Task description:
For the records below, please print exactly and only the lines from the one with "The Chico Scarf" down to the one with "かわいい犬の置物 喜ぶ黒柴犬 グッズ", both ends included, omitting the pictures.

Records for the exercise:
........

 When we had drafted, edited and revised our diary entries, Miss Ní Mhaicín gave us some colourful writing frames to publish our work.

........

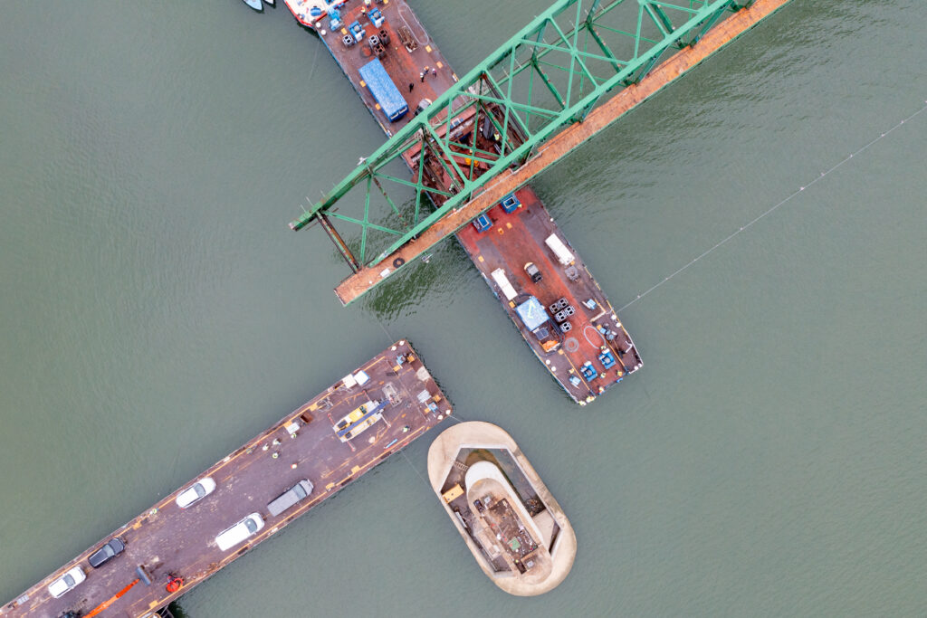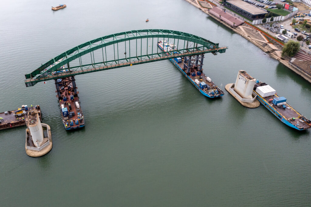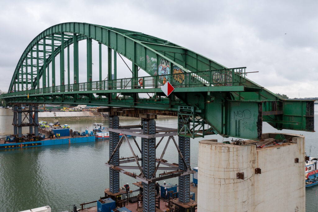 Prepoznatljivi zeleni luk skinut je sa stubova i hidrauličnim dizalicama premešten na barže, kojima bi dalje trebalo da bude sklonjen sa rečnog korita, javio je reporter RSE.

........

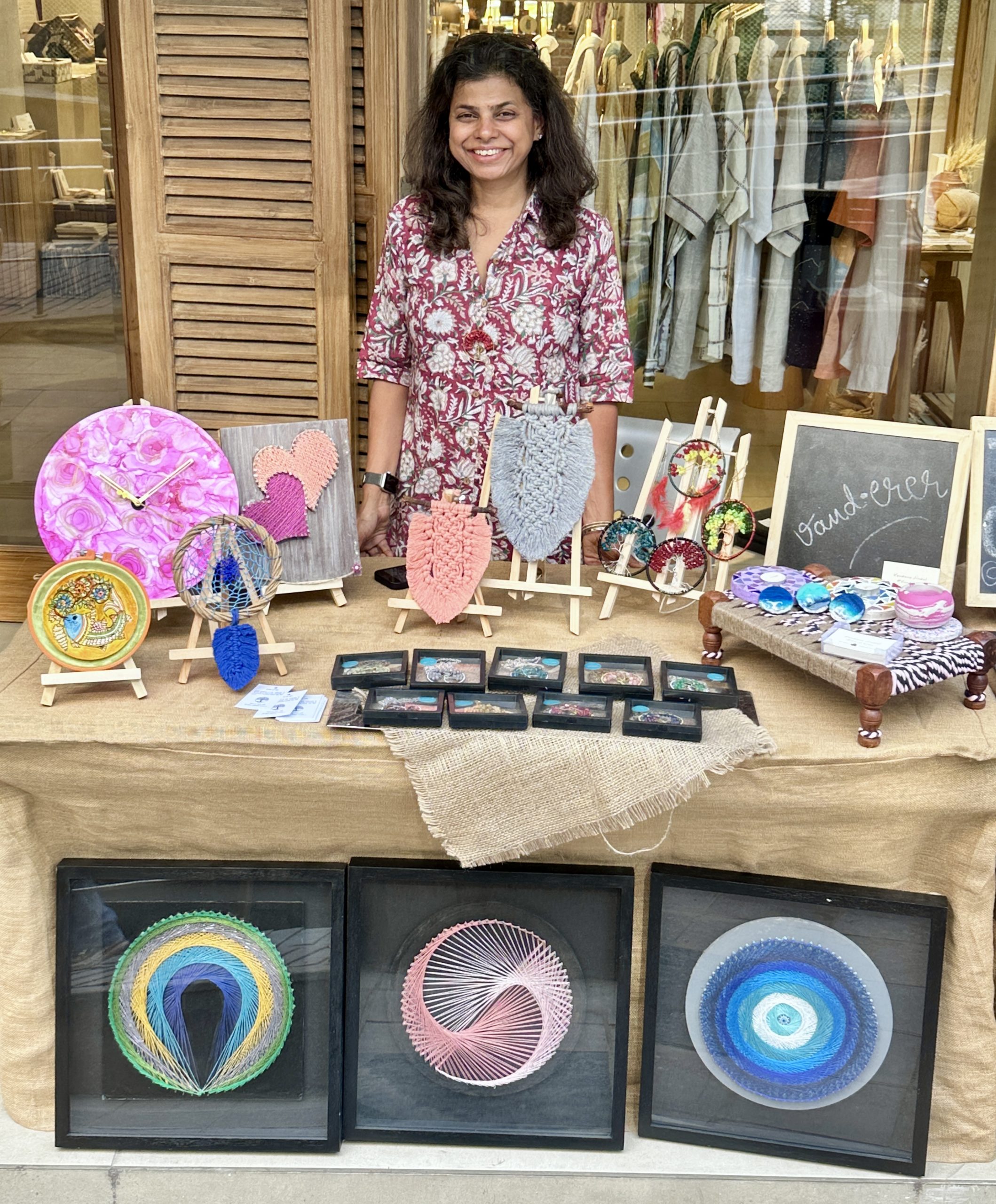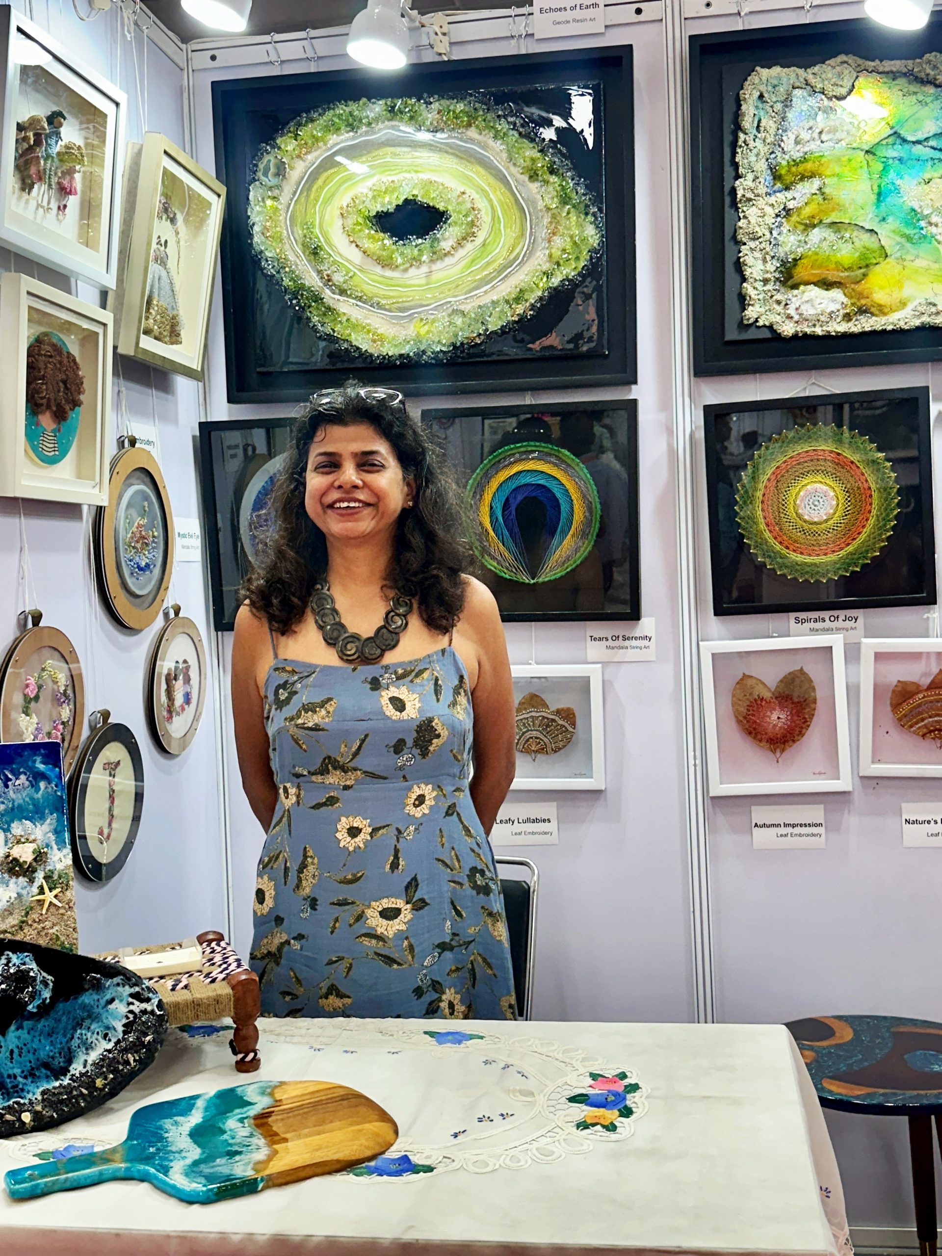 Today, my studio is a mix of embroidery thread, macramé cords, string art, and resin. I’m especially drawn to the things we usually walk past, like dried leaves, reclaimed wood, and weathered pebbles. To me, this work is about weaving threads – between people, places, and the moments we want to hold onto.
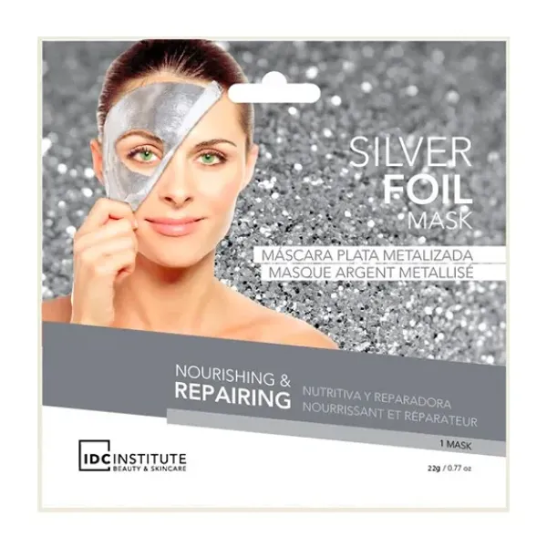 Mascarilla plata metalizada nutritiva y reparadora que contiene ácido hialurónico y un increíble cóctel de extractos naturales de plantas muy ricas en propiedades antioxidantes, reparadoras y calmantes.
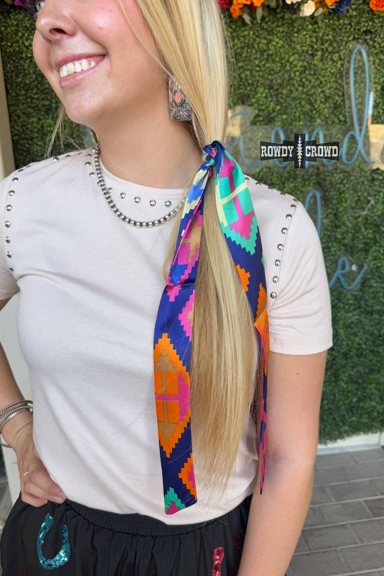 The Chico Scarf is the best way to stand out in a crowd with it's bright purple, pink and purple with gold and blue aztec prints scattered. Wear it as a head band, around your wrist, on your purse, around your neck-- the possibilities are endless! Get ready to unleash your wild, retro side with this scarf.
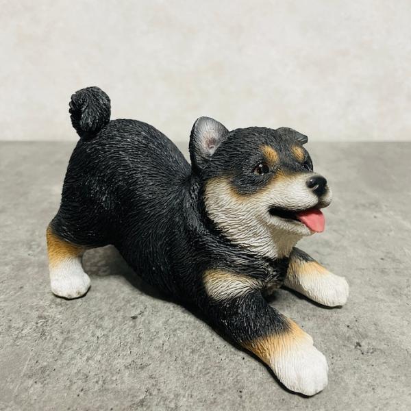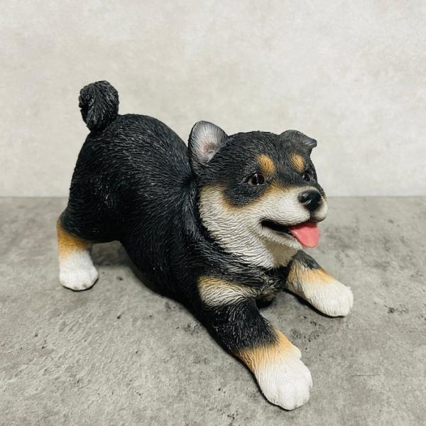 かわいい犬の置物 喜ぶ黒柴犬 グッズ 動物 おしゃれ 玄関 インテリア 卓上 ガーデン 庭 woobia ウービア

........

Solution to the problem:
 The Chico Scarf is the best way to stand out in a crowd with it's bright purple, pink and purple with gold and blue aztec prints scattered. Wear it as a head band, around your wrist, on your purse, around your neck-- the possibilities are endless! Get ready to unleash your wild, retro side with this scarf.
 かわいい犬の置物 喜ぶ黒柴犬 グッズ 動物 おしゃれ 玄関 インテリア 卓上 ガーデン 庭 woobia ウービア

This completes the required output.